→ **Instructions to follow**
Return, exactly and in full, the lines of the records below starting at the one with "Millilerin tarihi zaferi" and ending at the one with "Chrysocolla and Copper Hand Wrapped Pendant", and no other lines.

→ **Record extracts**
________________________________________

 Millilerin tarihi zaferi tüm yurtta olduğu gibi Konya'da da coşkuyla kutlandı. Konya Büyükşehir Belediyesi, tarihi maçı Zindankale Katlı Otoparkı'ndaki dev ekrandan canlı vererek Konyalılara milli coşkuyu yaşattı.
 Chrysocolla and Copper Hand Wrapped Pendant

________________________________________

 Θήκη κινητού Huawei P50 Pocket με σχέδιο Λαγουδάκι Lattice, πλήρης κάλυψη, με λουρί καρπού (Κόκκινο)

________________________________________

→ **Your solution**
 Millilerin tarihi zaferi tüm yurtta olduğu gibi Konya'da da coşkuyla kutlandı. Konya Büyükşehir Belediyesi, tarihi maçı Zindankale Katlı Otoparkı'ndaki dev ekrandan canlı vererek Konyalılara milli coşkuyu yaşattı.
 Chrysocolla and Copper Hand Wrapped Pendant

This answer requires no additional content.